— Requirement —
Copy, please, the line with "Fotoğraf:10 Türbenin 1980'li" and each line that follows it through the end of the data below, exactly as given and without pictures.

:::::

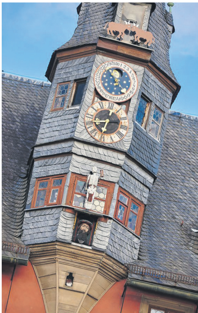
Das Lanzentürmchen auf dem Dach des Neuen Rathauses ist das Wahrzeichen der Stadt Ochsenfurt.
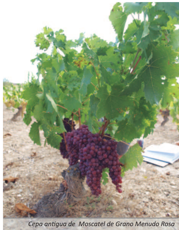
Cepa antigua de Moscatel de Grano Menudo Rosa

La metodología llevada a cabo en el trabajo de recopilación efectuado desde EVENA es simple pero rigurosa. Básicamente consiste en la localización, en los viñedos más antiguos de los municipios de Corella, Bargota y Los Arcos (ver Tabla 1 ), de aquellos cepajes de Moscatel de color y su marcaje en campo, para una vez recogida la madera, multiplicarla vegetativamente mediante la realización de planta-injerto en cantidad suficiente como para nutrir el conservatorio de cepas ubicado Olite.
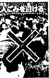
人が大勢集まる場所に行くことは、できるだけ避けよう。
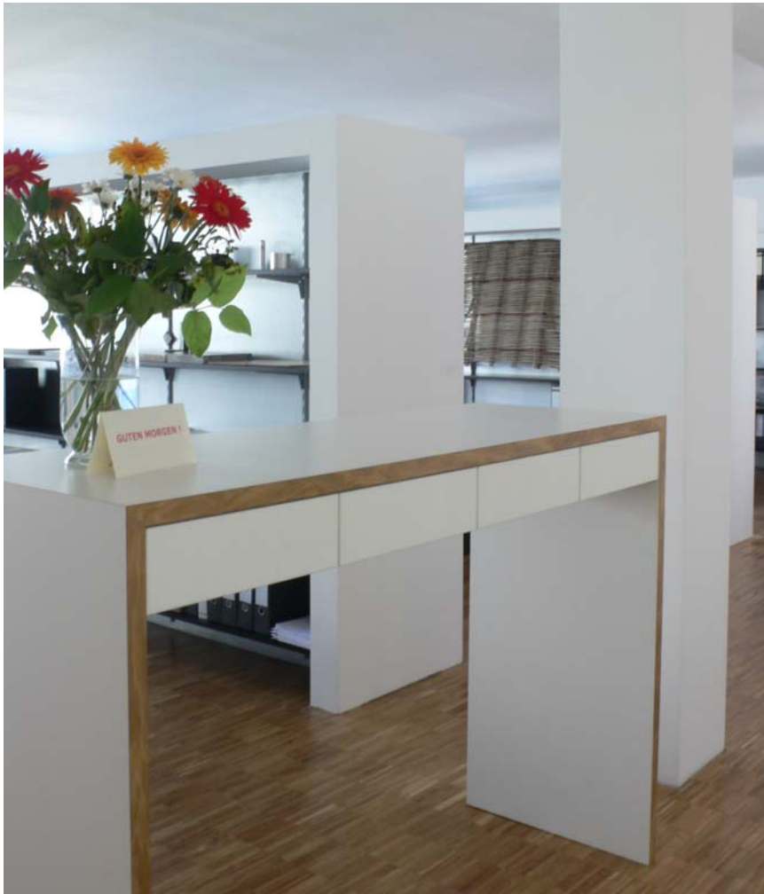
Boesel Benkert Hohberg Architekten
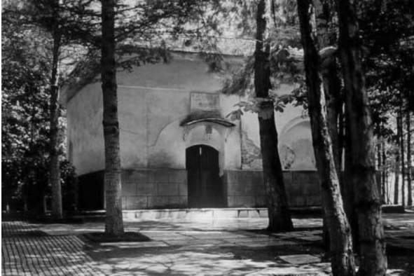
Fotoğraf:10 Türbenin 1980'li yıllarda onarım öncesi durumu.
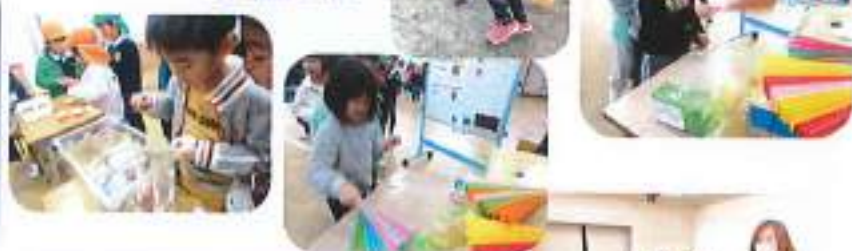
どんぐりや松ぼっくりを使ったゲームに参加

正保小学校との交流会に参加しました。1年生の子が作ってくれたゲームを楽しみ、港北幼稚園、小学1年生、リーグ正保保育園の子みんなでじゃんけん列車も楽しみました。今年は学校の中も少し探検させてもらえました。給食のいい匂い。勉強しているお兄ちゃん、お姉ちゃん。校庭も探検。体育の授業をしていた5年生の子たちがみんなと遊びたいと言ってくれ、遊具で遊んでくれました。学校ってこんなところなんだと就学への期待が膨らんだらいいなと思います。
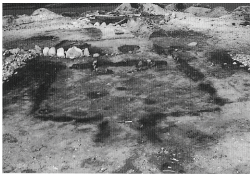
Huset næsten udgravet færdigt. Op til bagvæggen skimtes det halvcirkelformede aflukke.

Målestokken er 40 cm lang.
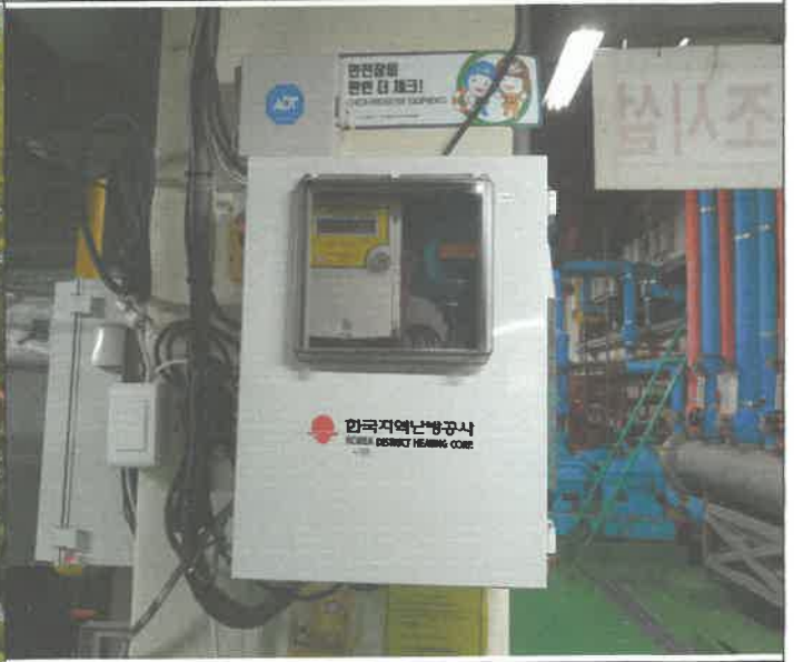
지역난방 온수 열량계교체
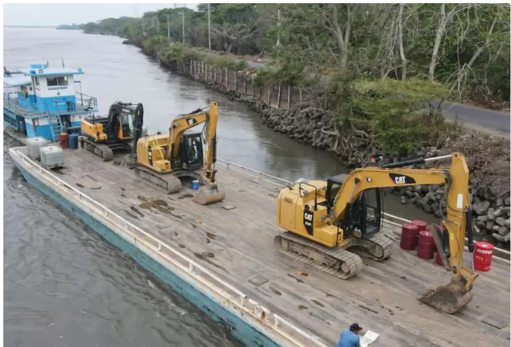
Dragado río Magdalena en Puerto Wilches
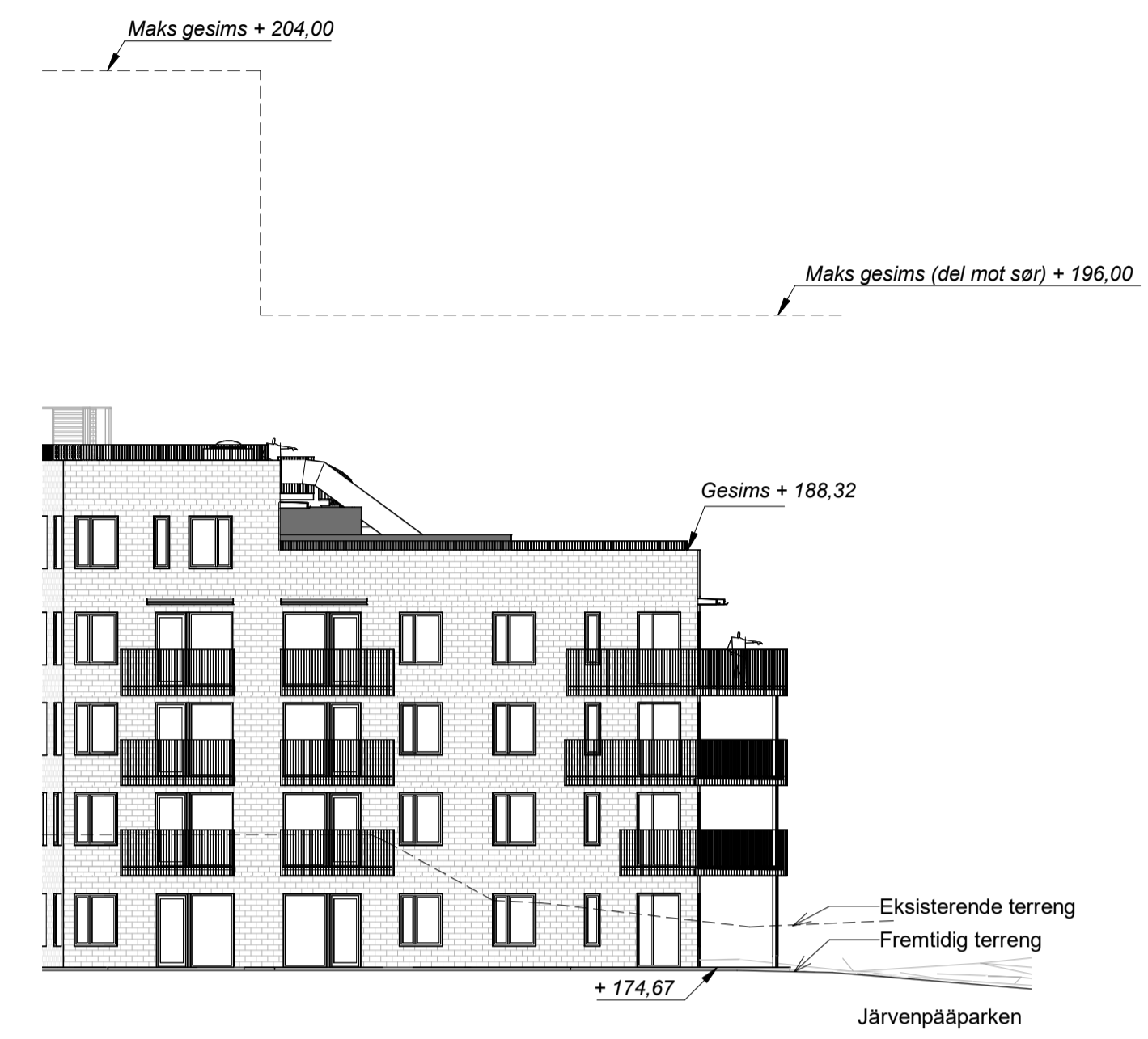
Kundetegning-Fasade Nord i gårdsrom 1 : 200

:::::

— Result for this task —
Fotoğraf:10 Türbenin 1980'li yıllarda onarım öncesi durumu.
どんぐりや松ぼっくりを使ったゲームに参加

正保小学校との交流会に参加しました。1年生の子が作ってくれたゲームを楽しみ、港北幼稚園、小学1年生、リーグ正保保育園の子みんなでじゃんけん列車も楽しみました。今年は学校の中も少し探検させてもらえました。給食のいい匂い。勉強しているお兄ちゃん、お姉ちゃん。校庭も探検。体育の授業をしていた5年生の子たちがみんなと遊びたいと言ってくれ、遊具で遊んでくれました。学校ってこんなところなんだと就学への期待が膨らんだらいいなと思います。
Huset næsten udgravet færdigt. Op til bagvæggen skimtes det halvcirkelformede aflukke.

Målestokken er 40 cm lang.
지역난방 온수 열량계교체
Dragado río Magdalena en Puerto Wilches
Kundetegning-Fasade Nord i gårdsrom 1 : 200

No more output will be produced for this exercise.